Kurtuluş Tayiz MHP'lileri isyan ettirecek! Faşist bir partinin düpedüz faşist lideri!
Tayiz, Akşam gazetesinde kaleme aldığı yazısında MHP'lileri kızdıracak sert sözlerle yüklendi.
Akşam gazetesi yazarı Kurtuluş Tayiz, bugün köşesine Cumhurbaşkanı Erdoğan ile Devlet Bahçeli arasındaki söz düellosunu yorumlayan bir yazı kaleme aldı ancak yazı MHP'lileri çileden çıkartacak kadar sert.
Cumhurbaşkanı Recep Tayyip Erdoğan'ın, "İster kabul edin ister etmeyin; Türkiye'de yönetim sistemi değişmiştir." açıklamasına twitter'dan cevap veren Milliyetçi Hareket Partisi Genel Başkanı Devlet Bahçeli, "Bizim yerli üretim Hitler'e, Stalin'e, Kaddafi'ye tahammülümüz olmaz, bu iyi biline." demişti.
Tayiz, Akşam gazetesindeki yazısında, "düpedüz faşist bir partinin düpedüz faşist lideri olan Devlet Bahçeli, Cumhurbaşkanı Erdoğan'ı Hitler'e, Mussolini'ye, Kaddafi'ye benzeterek aslında hepimizle alay ediyor." cümleleri ile dikkatleri çekti.
İşte Tayiz'in yazısından dikkat çeken bölümler:
Tuhaf bir ülke burası. Milletin gündemi ile medyanın gündemi birbirinden çok farklı. Deyim yerindeyse millet can, bunlar ise mal derdinde.

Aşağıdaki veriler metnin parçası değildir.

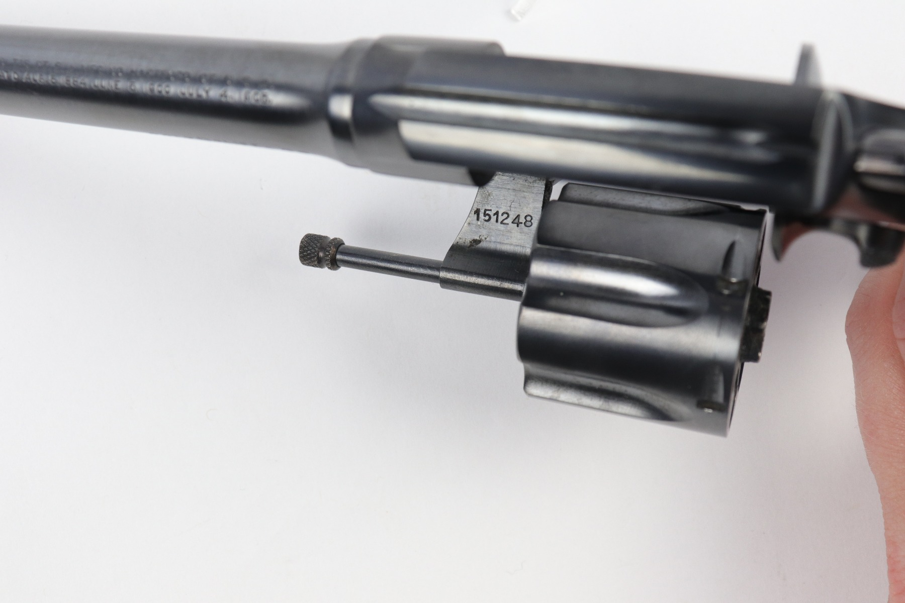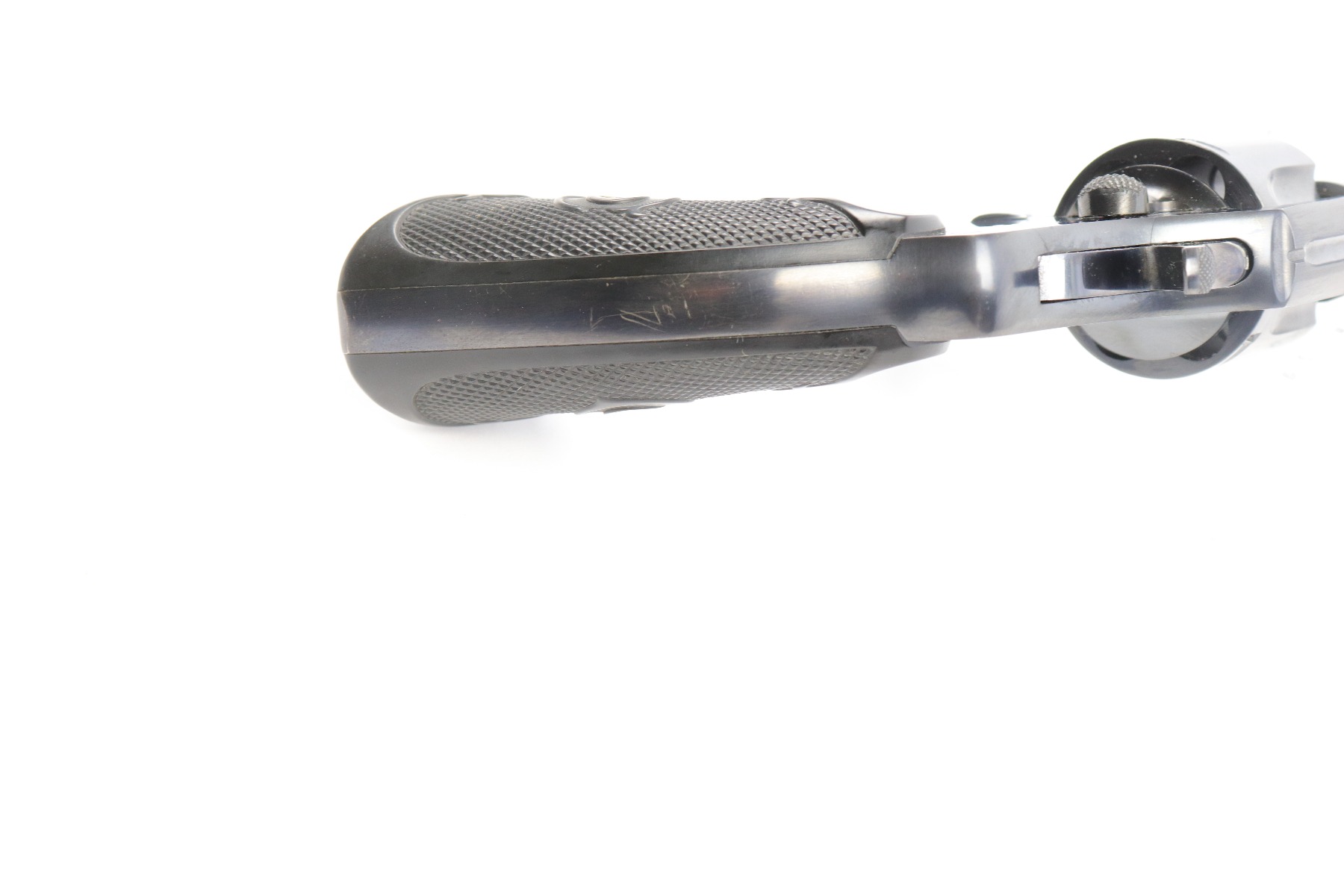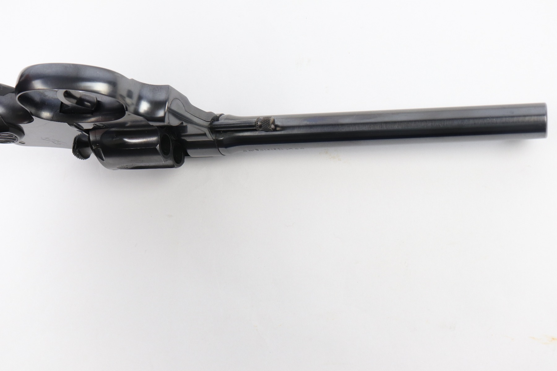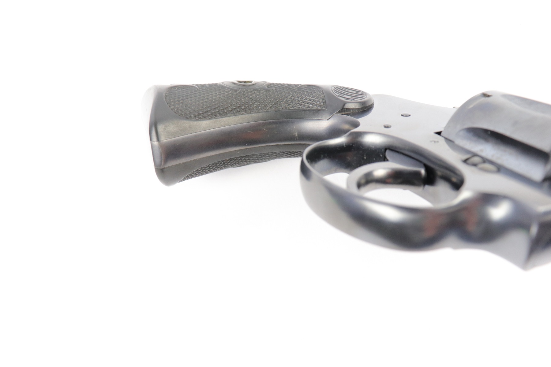 3/16/18 – This is an original, excellent first-issue Colt Police Positive revolver. The beautiful Colt factory bluing is still in excellent condition with only approx. 2% wear throughout the entire gun. There is some very light surface scratching on the barrel that can only be seen in the right angle and lighting, but otherwise the gun is close to mint. The back strap of the grip has very light, minimal patina. The cylinder has typical roll marks, but the bore looks minty – almost un-fired. Guaranteed original and authentic.
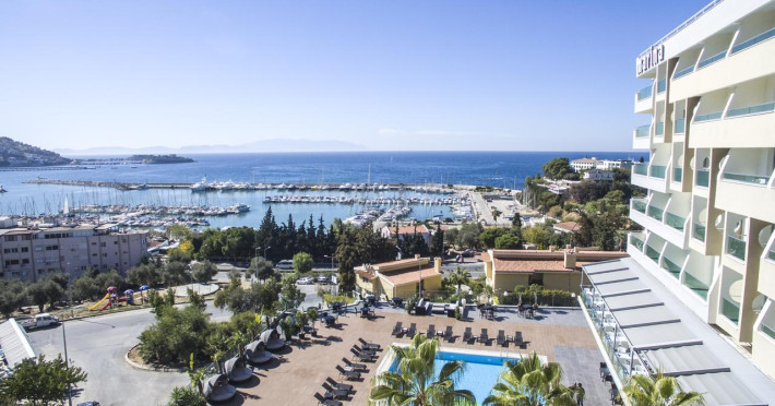 Acest hotel este amplasat la malul mării, pe coasta Mării Egee, la doar 250 de metri de plajă. Hotelul oferă piscină în aer liber şi terasă cu vedere panoramică la mare şi la Portul de Agrement Kusadasi.Centrul oraşului Kusadasi este la doar 1 km de hotelul Marina, cu numeroase restaurante, baruri şi magazine. Aeroportul Adnan Menderes din Izmir se află la 70 de kilometri.Descriere
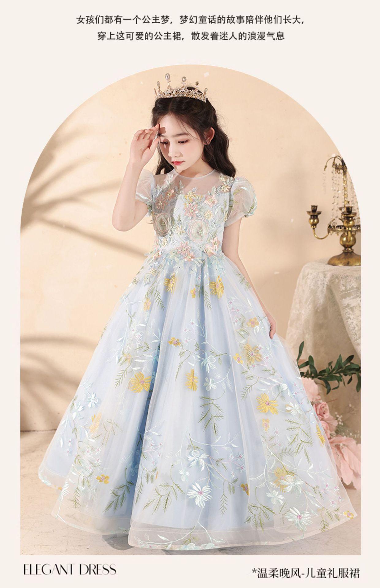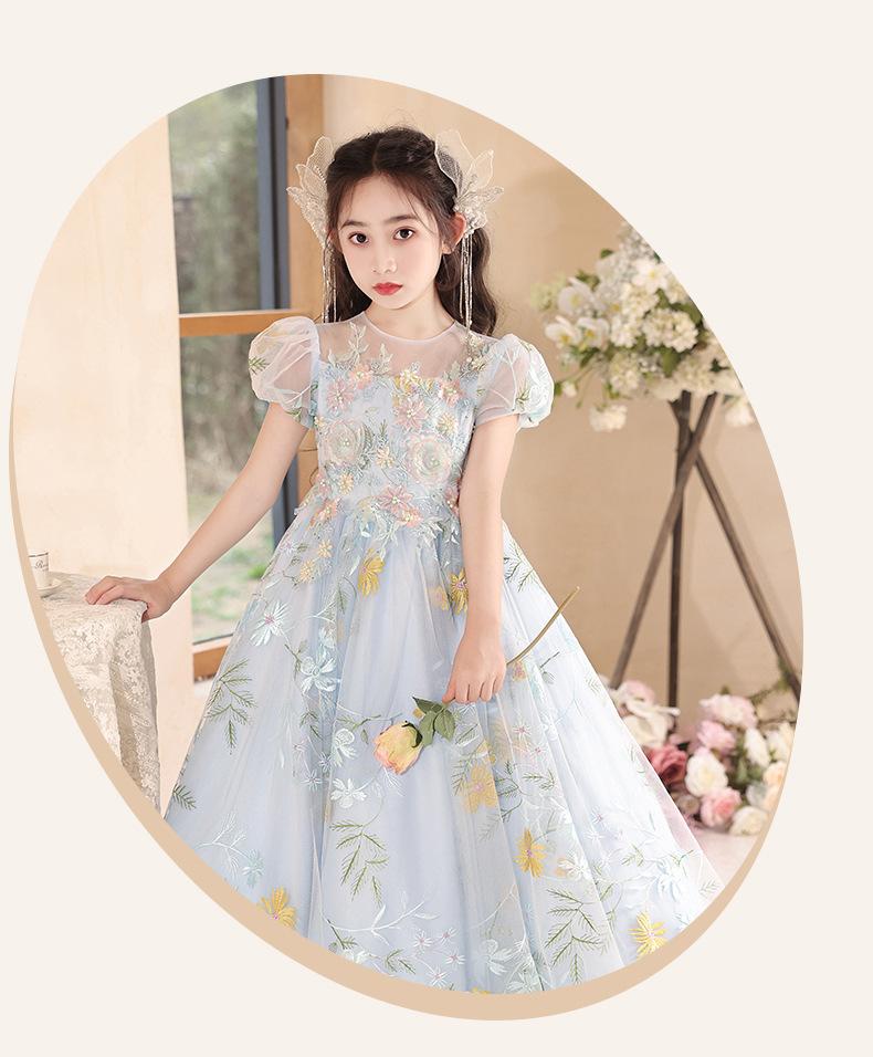 Vestido de Noche para Niñas 2025 Nuevo Día del Niño Hada de las Flores Ropa para Actuación de Piano Anfitrión Malla Vestido de Princesa para Niñas

Güneydoğu'dan gelen şehit haberleri de gündemlerini değiştirmeye yetmiyor. PKK/HDP şehirlerde "özerklik", "kanton" ilan edip ülkeyi teröre boğarken CHP, MHP ve Doğan Medyası hâlâ Erdoğan'ın yetkilerini aşıp aşmadığını tartışıyor.
Belki biraz ayıp olacak ama söylemeden geçemeyeceğim; düpedüz faşist bir partinin düpedüz faşist lideri olan Devlet Bahçeli, Cumhurbaşkanı Erdoğan'ı Hitler'e, Mussolini'ye, Kaddafi'ye benzeterek aslında hepimizle alay ediyor. CHP lideri Kemal Kılıçdaroğlu da vatanını terk ederek kaçan bir savcının ağzıyla Erdoğan'ı "darbe yapmak" ile suçluyor.
Bu siyasi ikiliyi Doğan medyası tamamlıyor. Hürriyet manşetten "Darbe yaptı" diye suçluyor Erdoğan'ı. Yazarlarına da "Bu açık darbeciliktir" yazıları yazdırıyor. Oysa bu gazete darbe bağımlısı bir gazete. Patronu ve yazarları darbe yanlısı olmalarıyla meşhur. Bu medya kuruluşu daha dün darbecilerin ülkeden kaçışını okurlarına "geçiş" olarak duyurdu. Aydın Doğan 17-25 Aralık'ta darbeye ortaklık etmedi mi? Ülkeyi iç savaşa sokmaya çalışan kim? Erdoğan'dan kurtulma umuduyla PKK ve DHKP-C terörüyle ittifak bile yaptılar. TSK'yı darbe yapar umuduyla "göreve" çağırmaktan hâlâ da vazgeçmiş değiller.
Peki Erdoğan nasıl bir darbe yaptı? Seçimlere girerek mi yoksa yüzde 52 oranında halkın desteğini alarak mı? Cumhurbaşkanı'nı halkın seçmesi yeni bir durum değil mi? Halkın seçtiği ile Meclis'in atadığı Cumhurbaşkanı arasında nasıl fark olmaz? Meclis, bu durumu yeniden tanımlamak zorunda değil mi? Bunu söylemek darbecilik mi oluyor?
Ya da aslında sizin asıl derdiniz ne?
Ülkeyi terör ateşine Doğan grubu sürükledi. Cumhuriyet ve Cemaat medyasıyla beraber yaptılar bunu. PKK'yı seçimlerden önce "cici çocuklar" gibi sunanlar, seçimlerden sonra PKK ana kuzularını katletmeye başladığında onu görmezden gelmeye ve hatta gözden kaçırmaya başladı. Güneydoğu'dan her gün şehit haberleri gelirken, PKK şehirlerde "özerklik", mahallelerde "kanton" ilan ederken, onlar bu gürültüde Erdoğan'ı aradan çıkarmaya çalışıyor. Ülkeyi önce yangın yerine çevirdiler, sonra da bu kaos ortamında kendi hesaplarını görüyorlar.